MEC Webinar: TT21: Week 1: Hamid Dabashi in conversation about his new book: The Last Muslim Intellectual: The Life and Legacy of Jalal Al-e Ahmad

Conveners: St Antony's College Middle East Centre

Speakers: Hamid Dabashi (Hagop Kevorkian Professor of Iranian Studies and Comparative Literature at Columbia University in New York)

Chair: Dr Stephanie Cronin  (Elahé Omidyar Mir-Djalali Research Fellow at St Antony’s College)

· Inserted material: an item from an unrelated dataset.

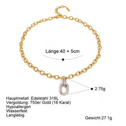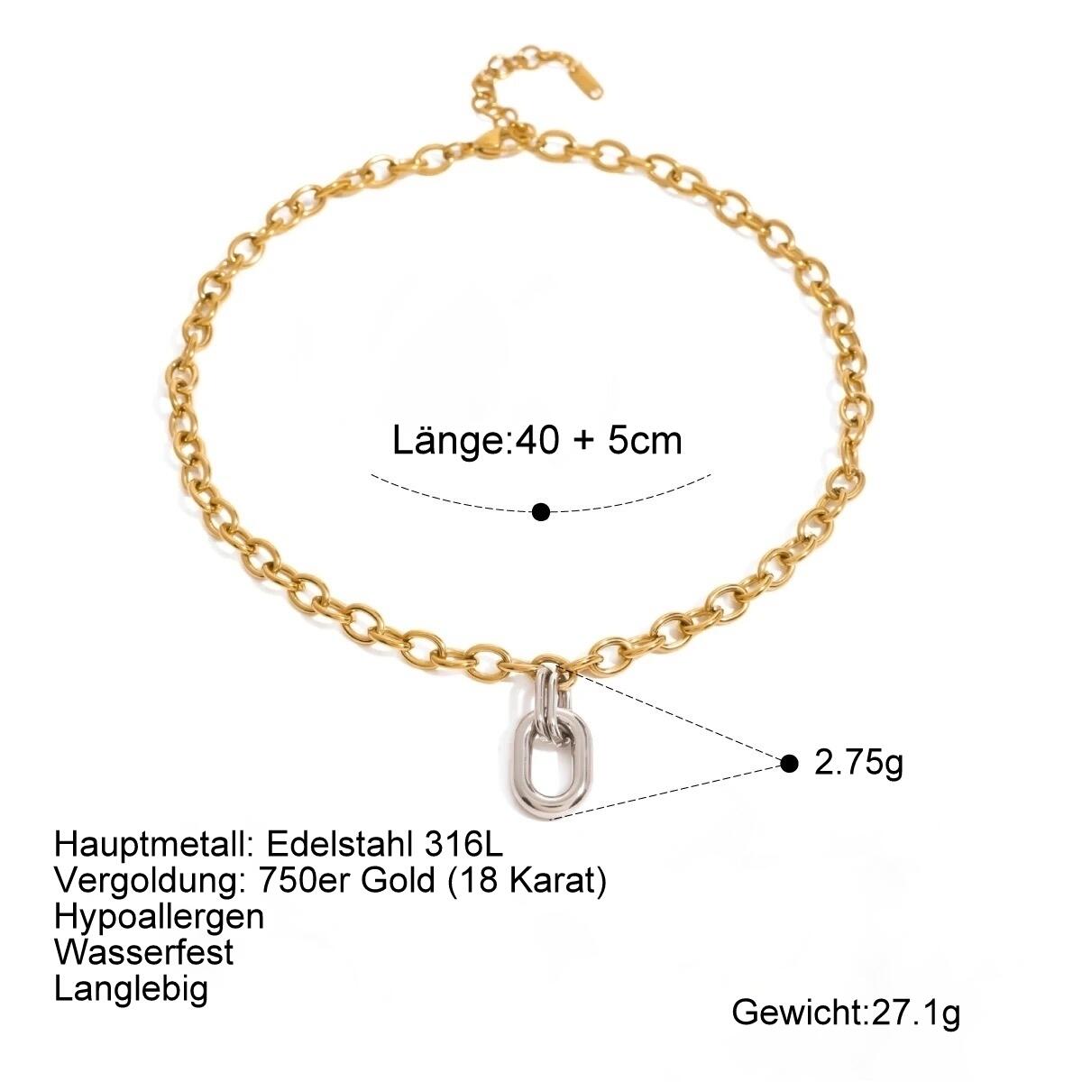 Huggie KetteDiese elegante Halskette von DJADEE ist aus hochwertigem 316L Edelstahl gefertigt und mit 750er Gold 18 Karat vergoldet. Die bicolor Optik verleiht ihr einen modernen und trendigen Look. Mit einer Länge von 40 cm und einer 5 cm Verlängerungskette lässt sie sich perfekt an jede Figur anpassen. Die Oberfläche ist hochglanzpoliert und anlaufgeschützt für einen langanhaltenden Glanz. Dank der hypoallergenen und nickelfrei Verarbeitung ist die Kette wasserfest und ideal für alle, die auf Allergien achten müssen. Ein wunderschönes Geschenk für die Frau oder das Mädchen in Ihrem Leben, das in dieser Saison im Trend liegt.AUSGEZEICHNETE QUALITÄT: Keine Verfärbung, keine Hautreizung! Die Kette besteht aus hochwertigem Edelstahl 316L, 18 Karat Gold vergoldet, mit einem edel-glänzenden Finish, sodass Du garantiert lange Zeit große Freude an diesem Schmuckstück hast. Qualität, die jeder sofort erkennen wird. Die Kette wurde aufwendig mit 3 Goldschichten vergoldet und garantiert daher eine luxuriöse Ausstrahlung, dauerhaften Glanz, kein Abfärben, rostfrei, nickelfrei, hochwertig verarbeitet, Farbe und Glanz wie echtes Gold.WIDERSTANDSFÄHIG: Durch die hochwertige Vergoldung, erhält unser Schmuck einen extra starken Schutz und behält seine Farbe selbst im Salzwasser oder unter der Dusche. Die Beschichtung ist besonders haltbar und kann lange Zeit halten. Zusätzlich werden alle Schmuckstücke mit einer Anlaufschutzschicht für langanhaltenden Glanz veredelt.

The first comprehensive social and intellectual biography of Jalal Al-e Ahmad, this book explores the life and legacy of Jalal Al-e Ahmad (1923-69), arguably the most prominent Iranian public intellectual of his time and contends that he was the last Muslim intellectual to have articulated a vision of Muslim worldly cosmopolitanism, before the militant Islamism of the last half a century degenerated into sectarian politics and intellectual alienation from the world at large. This unprecedented engagement with Al-e Ahmad’s life and legacy is a prelude to what Dabashi calls a post-Islamist Liberation Theology. The Last Muslim Intellectual is about expanding the wide spectrum of anticolonial thinking beyond its established canonicity and adding a critical Muslim thinker to it is an urgent task, if the future of Muslim critical thinking is to be considered in liberated terms beyond the dead-end of its current sectarian predicament. A full social and intellectual biography of Jalal Al-e Ahmad, a seminal Muslim public intellectual of the mid-20th century, this book places Al-e Ahmad’s writing and activities alongside other influential anticolonial thinkers of his time, including Frantz Fanon, Aimé Césaire and Edward Said. Chapters cover Jalal Al-e Ahmad’s intellectual and political life; his relationship with his wife, the novelist Simin Daneshvar; his essays; his fiction; his travel writing; his translations; and his legacy.